__Work instruction__
An exact copy is needed of the lines in the entries below from the line with "The Ninja™ Throughout" up to and including the line with "Conc. 7 Westney", and of nothing else. Leave the pictures out.

Items from a data source:
----

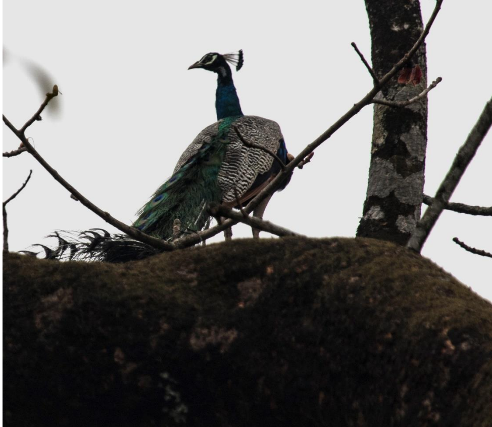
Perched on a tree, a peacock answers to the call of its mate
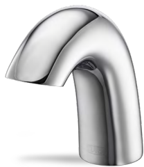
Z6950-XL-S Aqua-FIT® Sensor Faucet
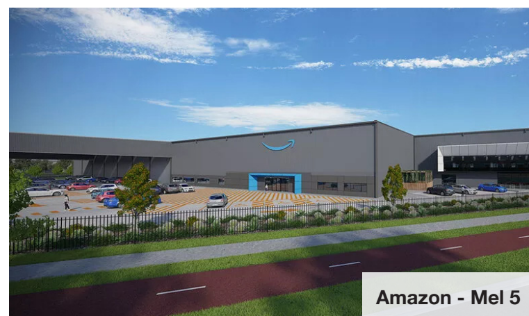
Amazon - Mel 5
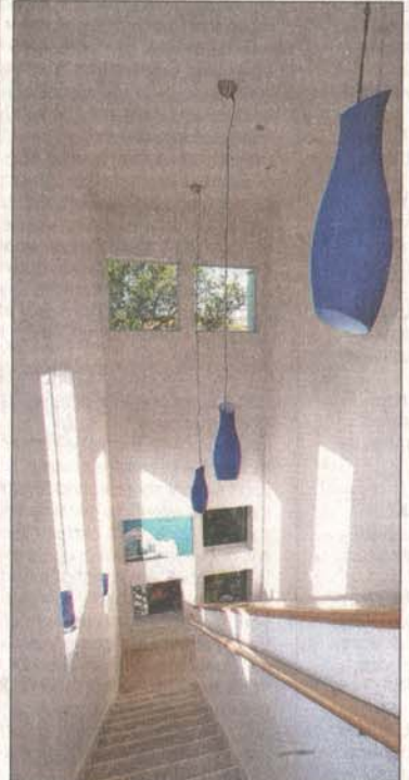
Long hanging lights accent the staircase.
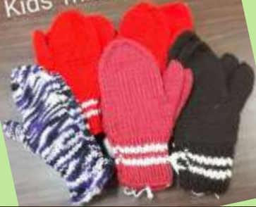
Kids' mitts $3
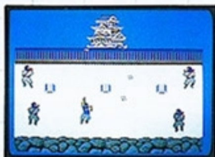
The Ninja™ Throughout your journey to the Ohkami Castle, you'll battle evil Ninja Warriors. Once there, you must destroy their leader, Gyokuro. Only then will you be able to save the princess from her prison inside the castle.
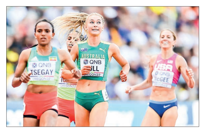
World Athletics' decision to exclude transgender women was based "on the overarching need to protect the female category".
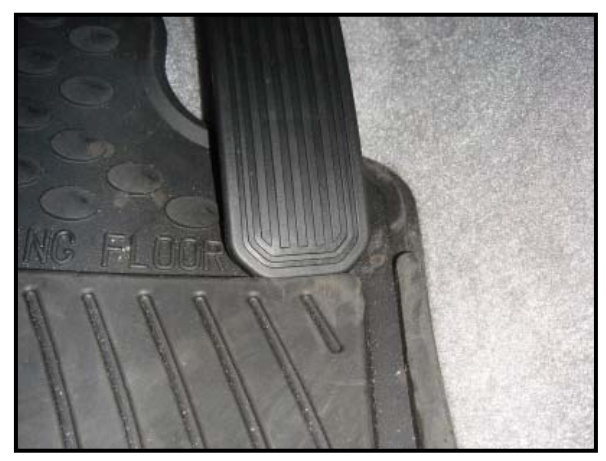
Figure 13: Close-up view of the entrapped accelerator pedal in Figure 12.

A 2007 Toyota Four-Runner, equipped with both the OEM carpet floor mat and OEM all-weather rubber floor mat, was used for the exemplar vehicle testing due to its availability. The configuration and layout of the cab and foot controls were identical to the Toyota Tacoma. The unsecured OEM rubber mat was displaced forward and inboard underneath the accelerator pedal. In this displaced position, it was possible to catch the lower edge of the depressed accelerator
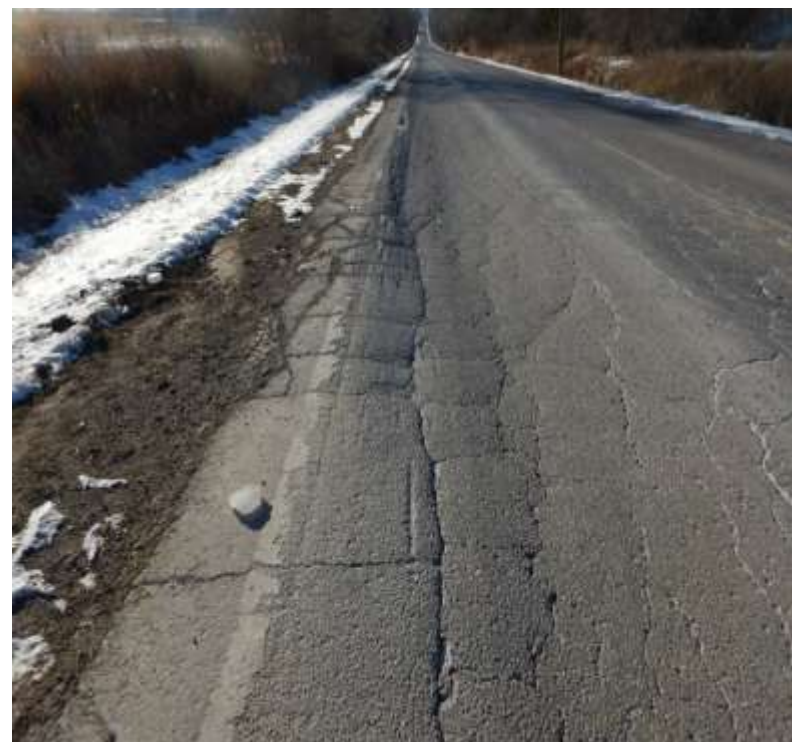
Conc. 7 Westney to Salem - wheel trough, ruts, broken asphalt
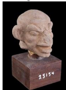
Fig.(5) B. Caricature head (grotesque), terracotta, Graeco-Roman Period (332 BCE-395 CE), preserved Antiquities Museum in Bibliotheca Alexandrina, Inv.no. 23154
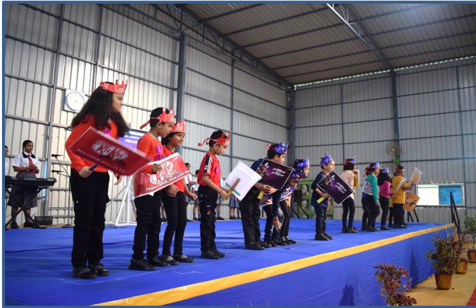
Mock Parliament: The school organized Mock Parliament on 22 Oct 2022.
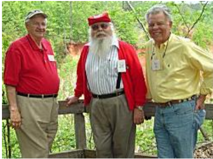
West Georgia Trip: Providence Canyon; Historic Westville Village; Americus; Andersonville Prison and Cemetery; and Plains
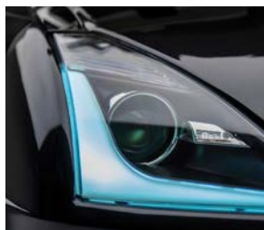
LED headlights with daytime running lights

----

__Result of this task__
The Ninja™ Throughout your journey to the Ohkami Castle, you'll battle evil Ninja Warriors. Once there, you must destroy their leader, Gyokuro. Only then will you be able to save the princess from her prison inside the castle.
World Athletics' decision to exclude transgender women was based "on the overarching need to protect the female category".
Figure 13: Close-up view of the entrapped accelerator pedal in Figure 12.

A 2007 Toyota Four-Runner, equipped with both the OEM carpet floor mat and OEM all-weather rubber floor mat, was used for the exemplar vehicle testing due to its availability. The configuration and layout of the cab and foot controls were identical to the Toyota Tacoma. The unsecured OEM rubber mat was displaced forward and inboard underneath the accelerator pedal. In this displaced position, it was possible to catch the lower edge of the depressed accelerator
Conc. 7 Westney to Salem - wheel trough, ruts, broken asphalt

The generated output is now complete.